Victim Participation at the International Criminal Court and the Extraordinary Chambers in the Courts of Cambodia: A Feminist Project?

2012 
Under the Rome Statute establishing the International Criminal Court (ICC), victims of the world’s most serious crimes were given unprecedented rights to participate in proceedings before the Court. Nearly a decade later, a similar scheme was established to allow victims to participate in proceedings before the Extraordinary Chambers in the Courts of Cambodia (ECCC), a court created to prosecute atrocities committed by Khmer Rouge leaders. Although there are some differences in how the schemes work at each of these tribunals, both allow victims to participate in criminal proceedings independent of their role as witnesses. Advocates of victim participation had high expectations that these new schemes would allow victims to tell their story in a way they were unable to do as victim-witnesses before the ad hoc International Criminal Tribunals for the former Yugoslav and Rwanda, where victims’ voices were often unheard or only partially heard because of the need to narrowly define what happened to them in line with the rules of evidence and the legal definition of the crimes with which the accused were charged. This paper explores whether this novel victim participation scheme, as implemented by the ICC and ECCC thus far, has actually allowed for greater recognition of victims’ voices and experiences than was possible in proceedings before their predecessor tribunals. The paper begins with a brief discussion of the significance of “visibility” as a feminist goal. From there, it describes the victim participation schemes at the ICC and ECCC and how victim participants, particularly survivors of gender-based violence, have fared under these schemes.

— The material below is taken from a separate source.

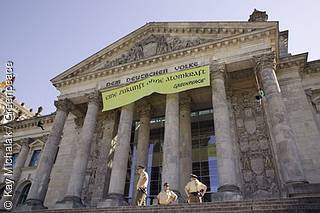Greenpeace-Banner oben am Reichstag in Berlin. Unter der Inschrift "Dem deutschen Volke" steht jetzt "... eine Zukunft ohne Atomkraft". Bild: Greenpeace

Although the ICC and ECCC have only heard a limited number of cases, the history of participation before these tribunals thus far suggests that victim participants face some of the very same limitations victim-witnesses encountered at the ad hoc tribunals, particularly in cases against senior leaders and those most responsible for serious international crimes, the focus of ICC and ECCC prosecutions today. In the final section, the paper considers the implications of this conclusion on the feminist goal of visibility and, more generally, on the larger question of whether alternatives to direct participation in proceedings might be as, if not better, suited to achieve this goal.